2004 AMC 10B Problems/Problem 24

Revision as of 21:58, 24 July 2023 by Qqzzxue (talk | contribs) (Solution 2)

Problem

In triangle $ABC$ we have $AB=7$, $AC=8$, $BC=9$. Point $D$ is on the circumscribed circle of the triangle so that $AD$ bisects angle $BAC$. What is the value of $\frac{AD}{CD}$?

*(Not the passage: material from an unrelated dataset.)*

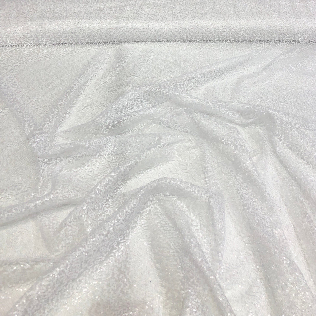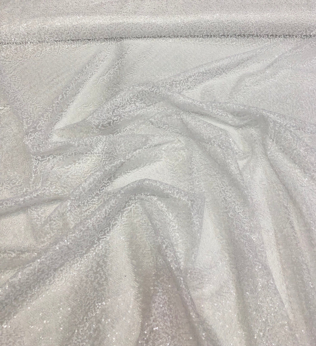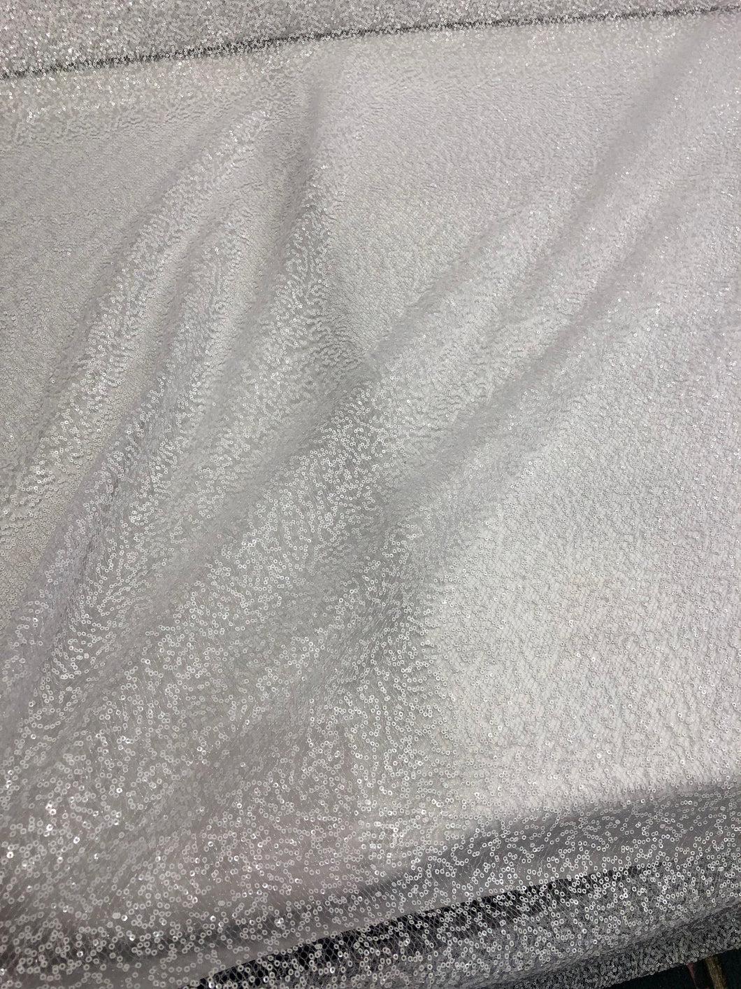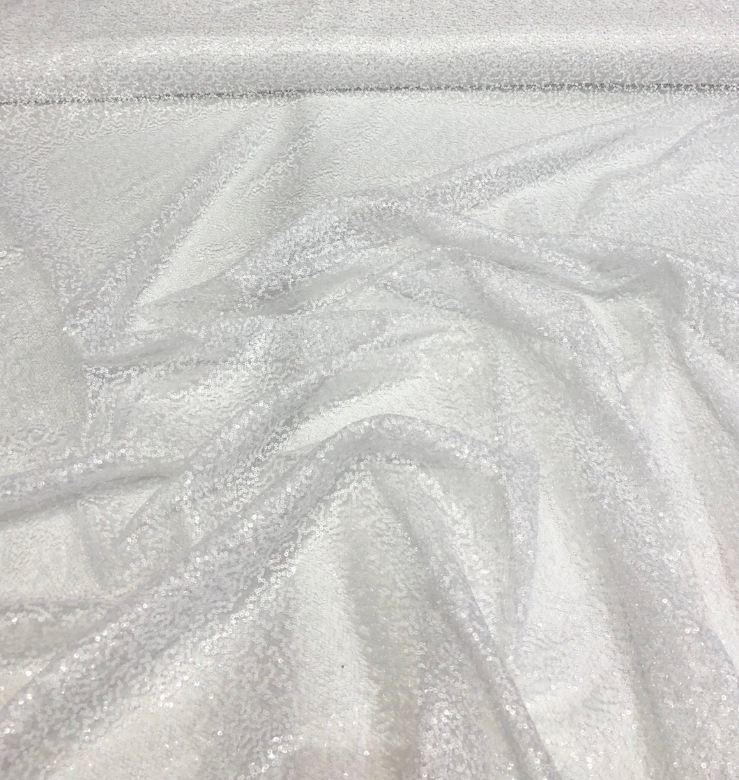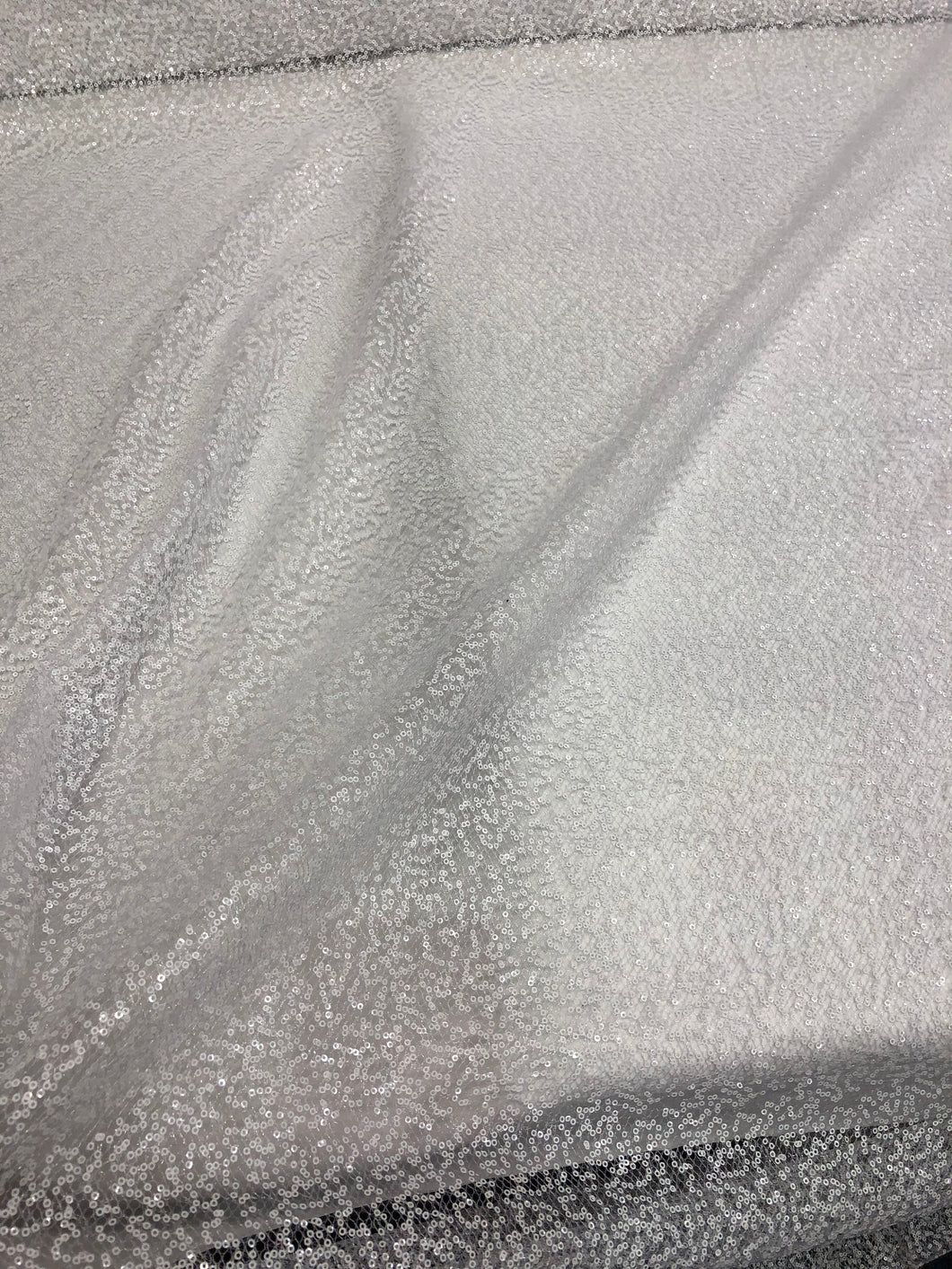 White sequins on sheer swirl mesh 52" wide Sequins fabric sold by the yard

$\text{(A) } \dfrac{9}{8} \qquad \text{(B) } \dfrac{5}{3} \qquad \text{(C) } 2 \qquad \text{(D) } \dfrac{17}{7} \qquad \text{(E) } \dfrac{5}{2}$

Solution 1

Set $\overline{BD}$'s length as $x$. $\overline{CD}$'s length must also be $x$ since $\angle BAD$ and $\angle DAC$ intercept arcs of equal length (because $\angle BAD=\angle DAC$). Using Ptolemy's Theorem, $7x+8x=9(AD)$. The ratio is $\frac{5}{3}\implies\boxed{\text{(B)}}$

Solution 2

[asy] import graph; import geometry; import markers;  unitsize(0.5 cm);  pair A, B, C, D, E, I;  A = (11/3,8*sqrt(5)/3); B = (0,0); C = (9,0); I = incenter(A,B,C); D = intersectionpoint(I--(I + 2*(I - A)), circumcircle(A,B,C)); E = extension(A,D,B,C);  draw(A--B--C--cycle); draw(circumcircle(A,B,C)); draw(D--A); draw(D--B); draw(D--C);  label("$A$", A, N); label("$B$", B, SW); label("$C$", C, SE); label("$D$", D, S); label("$E$", E, NE);  markangle(radius = 20,B, A, C, marker(markinterval(2,stickframe(1,2mm),true))); markangle(radius = 20,B, C, D, marker(markinterval(1,stickframe(1,2mm),true))); markangle(radius = 20,D, B, C, marker(markinterval(1,stickframe(1,2mm),true))); markangle(radius = 20,C, B, A, marker(markinterval(1,stickframe(2,2mm),true))); markangle(radius = 20,C, D, A, marker(markinterval(1,stickframe(2,2mm),true))); [/asy] Let $E = \overline{BC}\cap \overline{AD}$. Observe that $\angle ABC \cong \angle ADC$ because they both subtend arc $\overarc{AC}.$

Furthermore, $\angle BAE \cong \angle EAC$ because $\overline{AE}$ is an angle bisector, so $\triangle ABE \sim \triangle ADC$ by $\text{AA}$ similarity. Then $\dfrac{AD}{AB} = \dfrac{CD}{BE}$. By the Angle Bisector Theorem, $\dfrac{7}{BE} = \dfrac{8}{CE}$, so $\dfrac{7}{BE} = \dfrac{8}{9-BE}$. This in turn gives $BE = \frac{21}{5}$. Plugging this into the similarity proportion gives: $\dfrac{AD}{7} = \dfrac{CD}{\tfrac{21}{5}} \implies \dfrac{AD}{CD} = {\dfrac{5}{3}} = \boxed{\text{(B)}}$.

Solution 3

We know that $\overline{AD}$ bisects $\angle BAC$, so $\angle BAD = \angle CAD$. Additionally, $\angle BAD$ and $\angle BCD$ subtend the same arc, giving $\angle BAD = \angle BCD$. Similarly, $\angle CAD = \angle CBD$ and $\angle ABC = \angle ADC$.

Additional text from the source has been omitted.